Originally Posted by**jacs**

Call side $\displaystyle AB=CD=x$ for $\displaystyle x>0$.

Then, $\displaystyle AD=BC=9/x$. (Becasue the area is 9).

But, $\displaystyle BD=\sqrt{CD^2+BC^2}$ by pythagorean theorem. Thus,

$\displaystyle BD=\sqrt{x^2+\frac{81}{x^2}$

Thus,

$\displaystyle BD=\sqrt{\frac{x^4+81}{x^2}}$

Thus,

$\displaystyle BD=\frac{\sqrt{x^4+81}}{\sqrt{x^2}}$

But, $\displaystyle \sqrt{x^2}=|x|=x$ because $\displaystyle x>0$.

Thus,

$\displaystyle BD=\frac{\sqrt{x^4+81}}{x}$

Thus, $\displaystyle L=x+\frac{\sqrt{x^4+81}}{x}$

This answers the first part.

Define a function $\displaystyle f(x)=x+\frac{\sqrt{x^4+81}}{x}$ $\displaystyle x>0$and attempt to find its minimum value.

This is done by taking the derivative of $\displaystyle f(x)$

Thus,

$\displaystyle f'(x)=1+\frac{(1/2)(4x^3)(x^4+81)^{-1/2}(x)-(x^4+81)^{1/2}(1)}{x^2}$

Simplify this mess,

$\displaystyle f'(x)=1+2\frac{x^2}{\sqrt{x^4+81}}-\frac{\sqrt{x^4+81}}{x^2}$

For simplicity sake let $\displaystyle z=\frac{x^2}{\sqrt{x^4+81}}$ thus,

$\displaystyle f'(x)=1+2z-\frac{1}{z}$

Now find the critical points (points where there is no deriviative or when it is zero).
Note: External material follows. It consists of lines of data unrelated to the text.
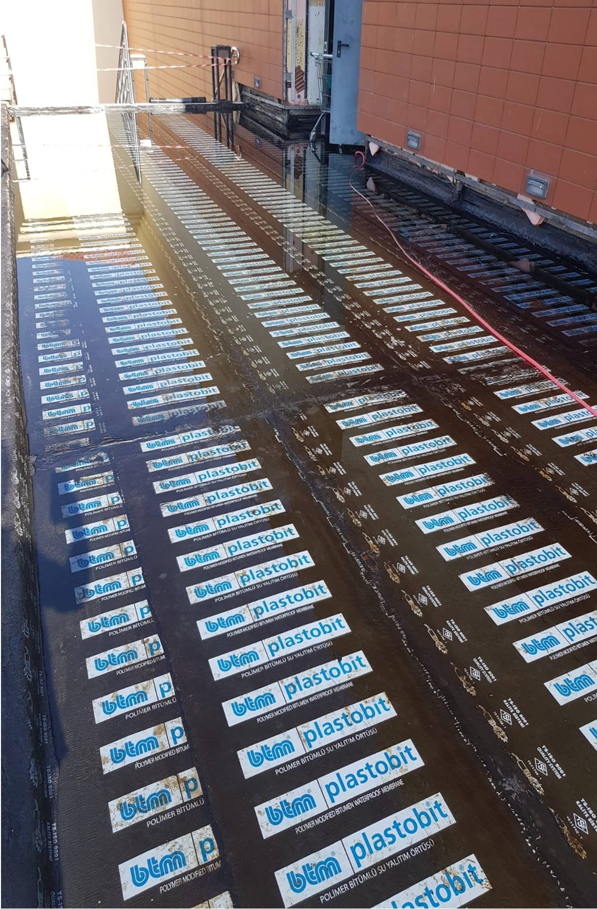 İki kat bitümex membran tam yapıştırma usulü ile yapıştırıldı. Yalıtım üzerine su doldurularak 72 saatlik su testi yapıldı.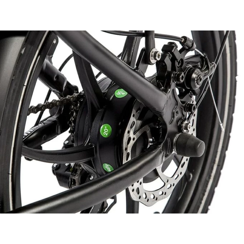 Накатистые устойчивые 20–дюймовые колеса в сочетании с емкой батареей обещают активное и безопасное времяпрепровождение. Передние и задние амортизаторы сглаживают движение по кочкам, делают его плавным. Батарея размещена за седлом. Надежно защищена от воздействия негативных факторов. 6-скоростной режим регулируется с помощью рычага. Мягкое компактное седло регулируется по высоте, удобно при длительной езде. Бортовой компьютер позволяет отслеживать скоростные параметры, степень заряда батареи и другие характеристики.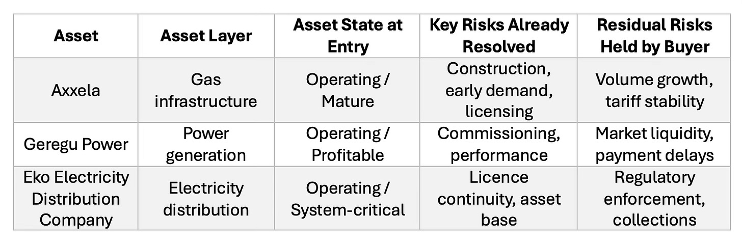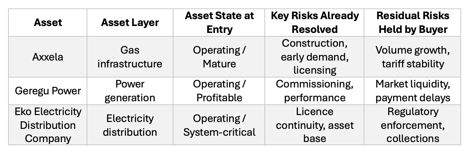 Across recent transactions, this positioning is expressed through the acquisition of control stakes in operating assets rather than the financing of new capacity. Recent ownership changes span mature gas infrastructure, established gas-fired generation, and electricity distribution, all already embedded within Nigeria’s energy system.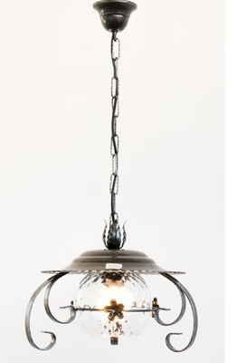 LAMPADE LINEA TAVERN LAMPIONE CM. 150 IN FERRO BATTUTO E VETRO SOFFIATO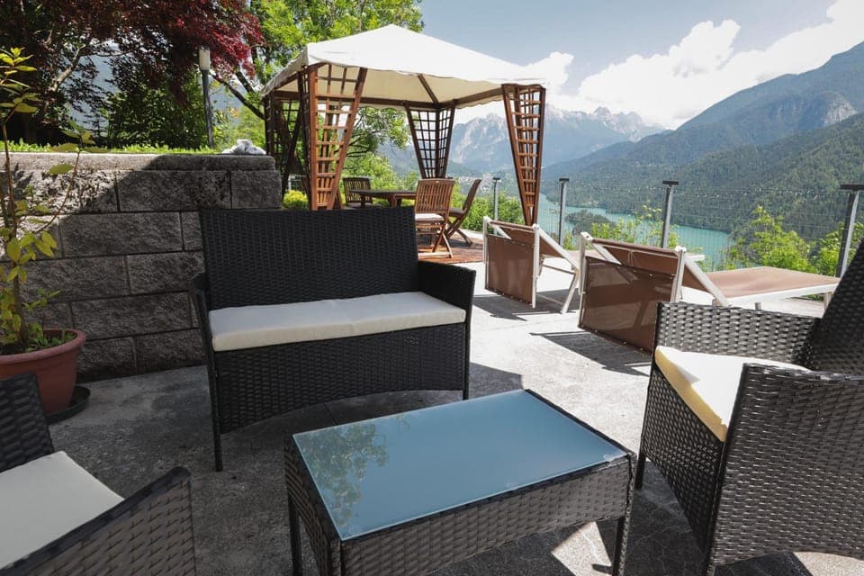 Eine sehr hübsche kleine Wohnung. Der Blick vom Balkon aus auf den Lago di Cadore und die Berge ist wundervoll.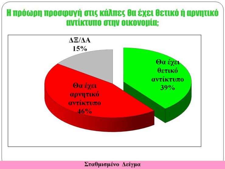 Στο δεύτερο ερώτημα περί θετικού ή αρνητικού αντικτύπου στην οικονομία σε περίπτωση εκλογών, οι πολίτες πιστεύουν κατά 46% ότι θα υπάρξει πρόβλημα, ενώ το 39% υποστηρίζει ότι οι κάλπες θα πυροδοτήσουν θετικές εξελίξεις. Ωστόσο, σε αυτό το σημείο παρατηρείται μία αντίφαση. Είναι φανερό ότι η πλειοψηφία επιθυμεί την προσφυγή στις κάλπες, θεωρώντας ωστόσο ως δεδομένο ότι οι εκλογές θα επηρεάσουν αρνητικά την οικονομία.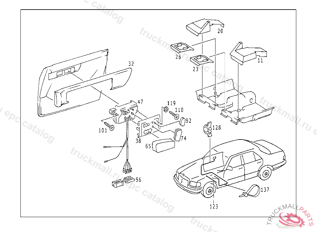 GARNISH MOULDING LEFT ZEBRANO, 126.021 006843 126.022,023 024442 126.032,033 009947 126.036,037 007709 FROM CHASSIS SEE SA 56 395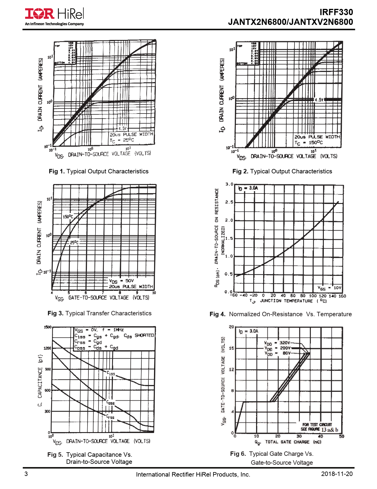 IRFF330JANTX2N6800/JANTXV2N6800Fig 1. Typical Output Characteristics Fig 2. Typical Output Characteristics Fig 3. Typical Transfer Characteristics Fig 4. Normalized On-Resistance Vs. Temperature Fig 5. Typical Capacitance Vs. Fig 6. Typical Gate Charge Vs. Drain-to-Source Voltage Gate-to-Source Voltage 3 International Rectifier HiRel Products, Inc. 2018-11-20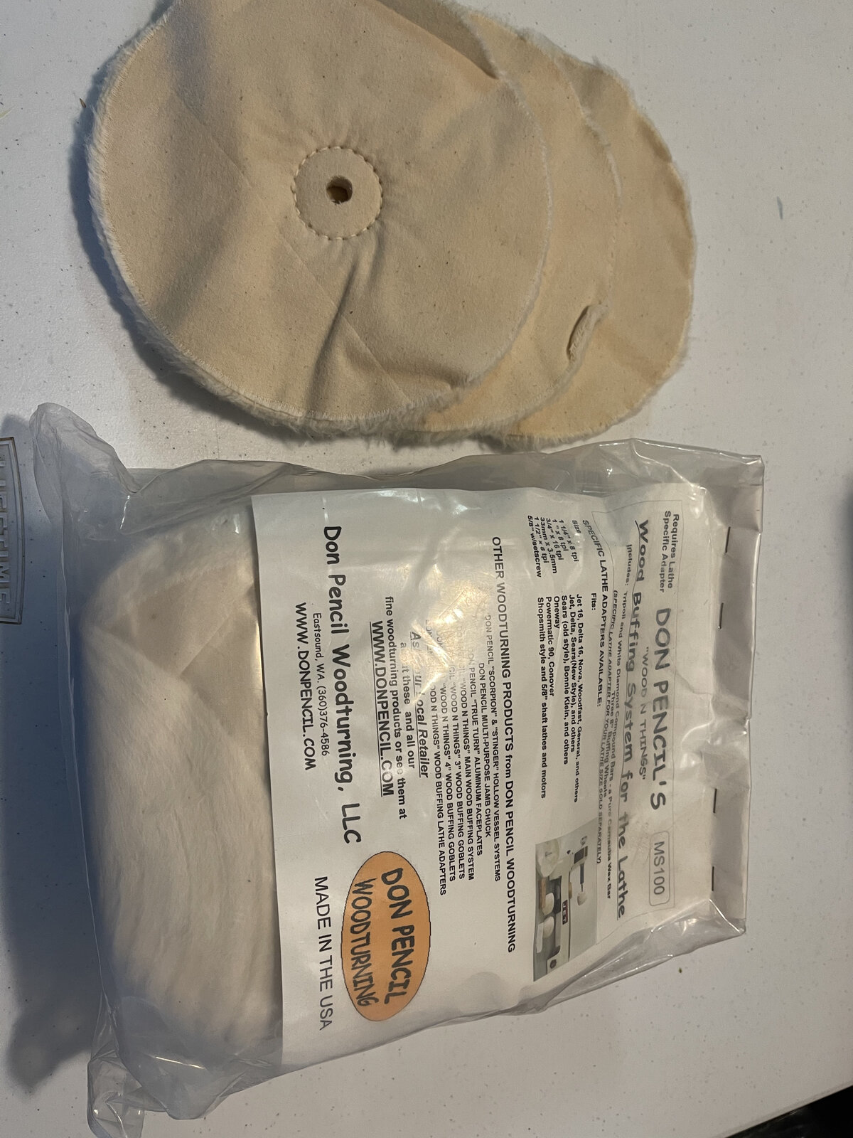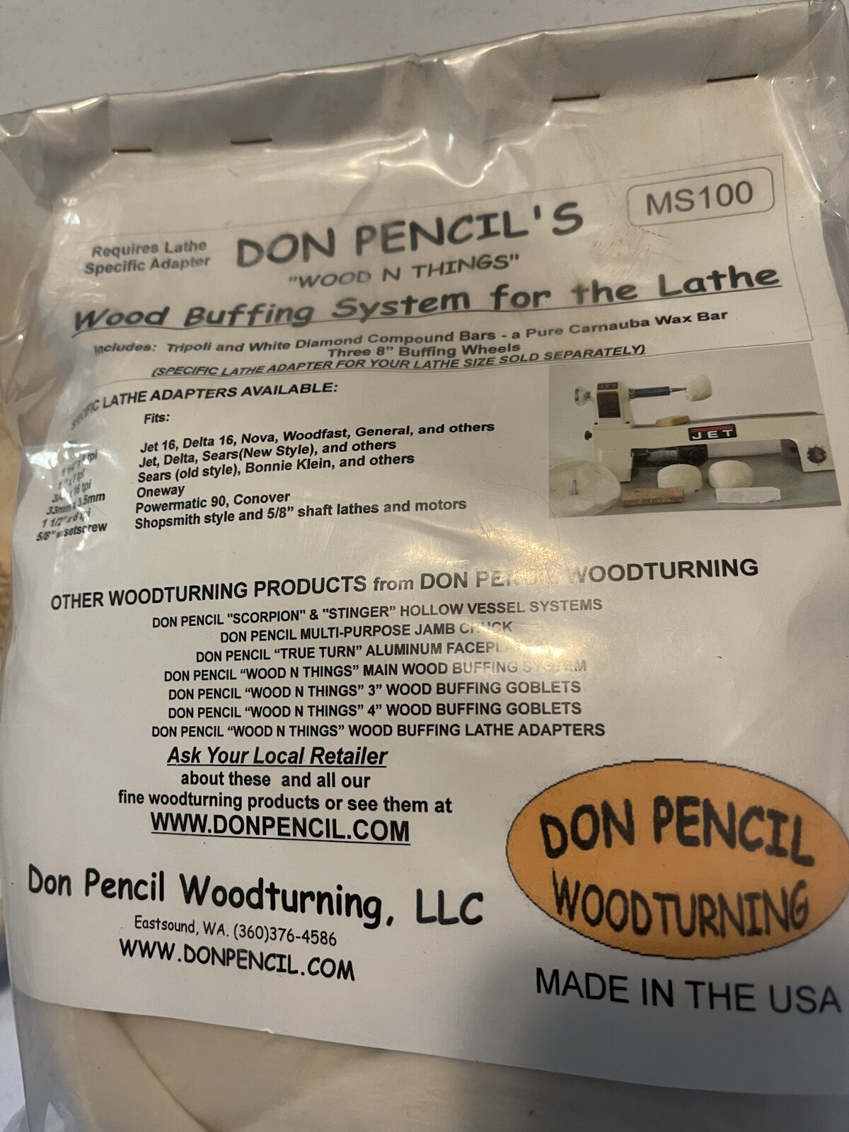 8 inch buffing wheels. 3 loose and 3 in a package from Don Pencil. The Don Pencil package has some product (wax, diamond and tripoli) with it. NO arbors are included-just the bare wheels.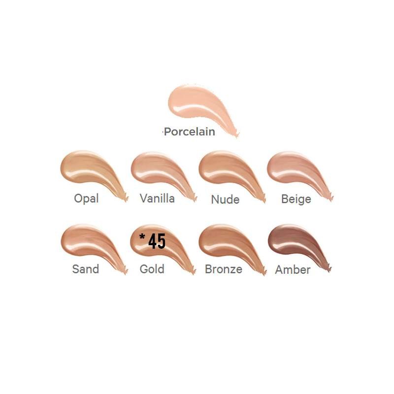 Fondo de maquillaje corrector de alta cobertura y tono dorado, que unifica, disimula imperfecciones y realza la luminosidad natural de pieles medias a oscuras.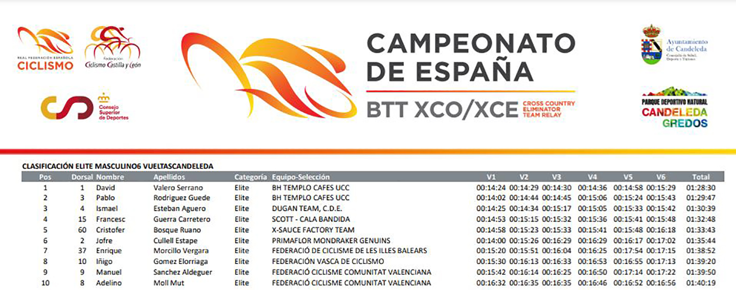 Cuando se dio la salida en la carrera élite masculina, todas las miradas apuntaban a David Valero, que llegaba a Candeleda en un gran estado de forma tras los buenos resultados cosechados en Copa del Mundo. El de Baza tenía como objetivo alcanzar los ocho títulos nacionales de José Antonio Hermida y no ha defraudado en las seis vueltas que han tenido que dar en el circuito de 4,6 kilómetros.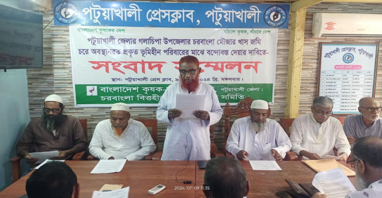 পটুয়াখালীতে সরকারী খাস জমি বন্দোবস্ত পাওয়ার দাবীতে চরবাংলার ভূমিহীনদের সংবাদ সম্মেলন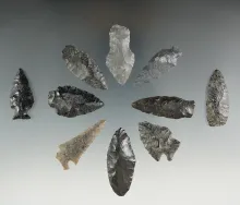 Set of 10 assorted Obsidian Arrowheads nice condition found in Oregon. Largest is 1 9/16". |
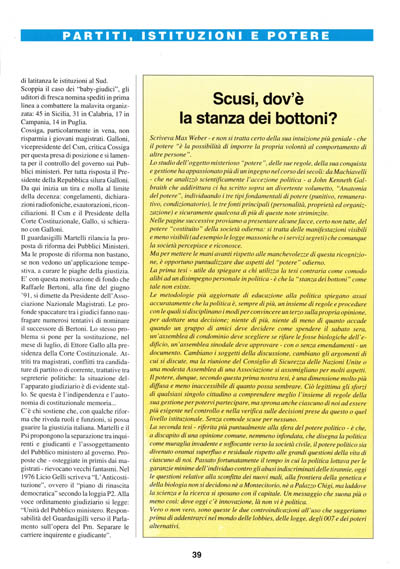 La prima tesi – utile da spiegare a chi utilizza la tesi contraria come comodo alibi ad un disimpegno personale in politica – è che la "stanza dei bottoni" come tale non esiste.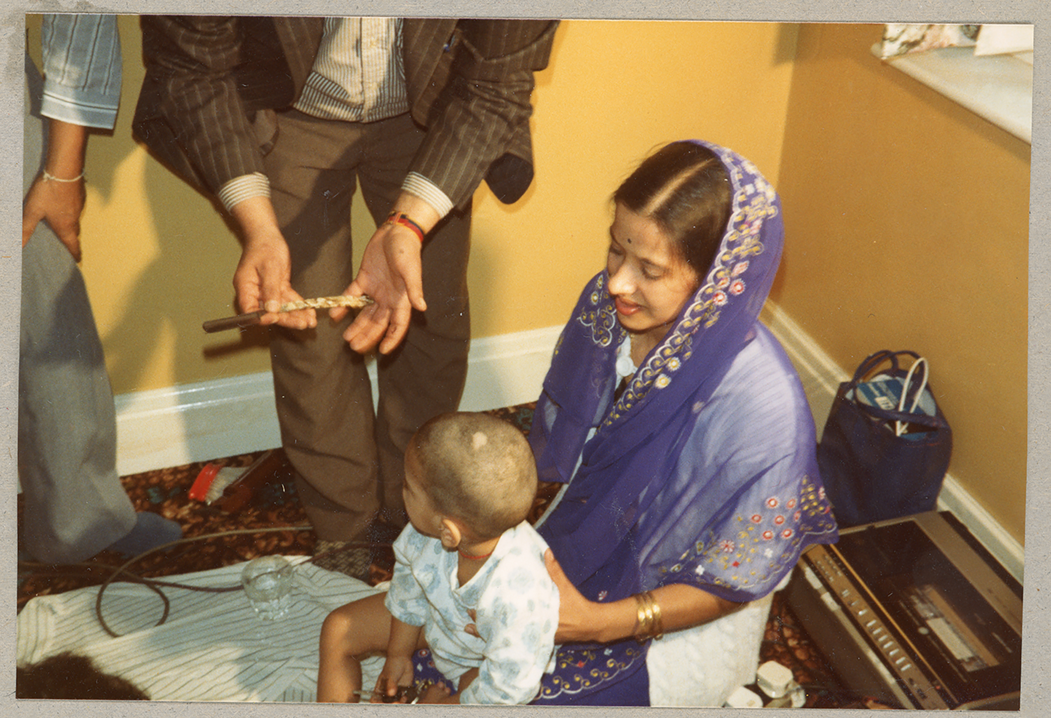 A family celebrate a baby's first haircut in a house in Derby.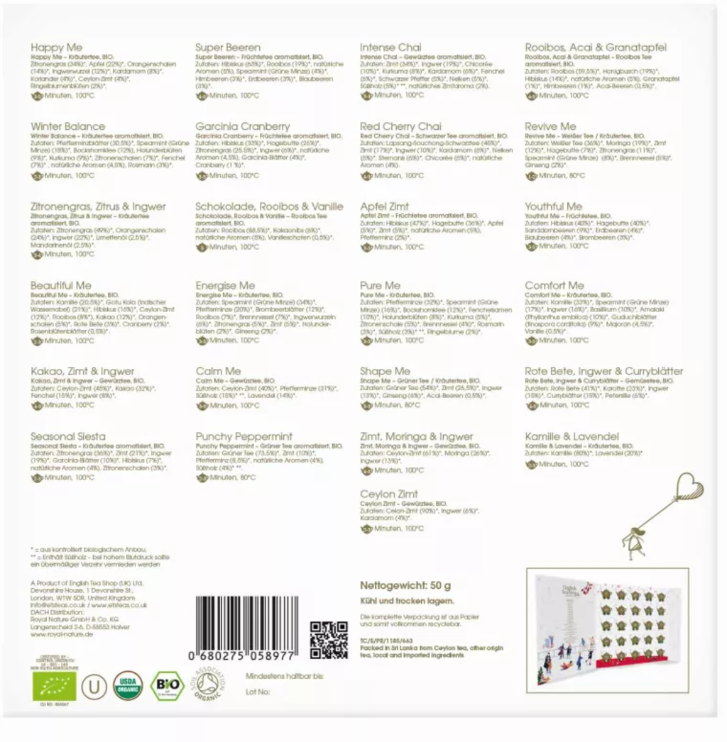 La période qui précède Noël est souvent synonyme de stress. Pour cette raison, les moments de détente sont essentiels pour pouvoir se ressourcer et retrouver la paix intérieure. Ce calendrier de l'Avent saura vous accompagner de manière optimale, car derrière chacune de ses fenêtres se cache une délicieuse tisane de qualité bio. Ainsi, vous pourrez profiter chaque jour d'un moment de bien-être et de détente incomparable.

Since the derivative exists everywhere we find where it is zero, thus,

$\displaystyle f'(x)=0$

Thus,

$\displaystyle 1+2z-\frac{1}{z}=0$

Solve this quadradic,

$\displaystyle z+2z^2-1=0$

Thus, $\displaystyle z=-1,1/2$

But $\displaystyle z=\frac{x^2}{\sqrt{x^4+81}}>0$ thus,

$\displaystyle z=1/2$ as the only critical point.

Thus,

$\displaystyle \frac{x^2}{\sqrt{x^4+81}}=1/2$

Thus (squaring),

$\displaystyle \frac{x^4}{x^4+81}=\frac{1}{4}$

Thus,

$\displaystyle 4x^4=x^4+81$

Thus,

$\displaystyle 3x^4=81$

Thus, ($\displaystyle x>0$)

$\displaystyle x=\sqrt[4]{27}$.

Now we*prove*that $\displaystyle x=\sqrt[4]{27}$ is the minimum. We use the first-derivative test (there is no way I am going to use the second-derivative test :) )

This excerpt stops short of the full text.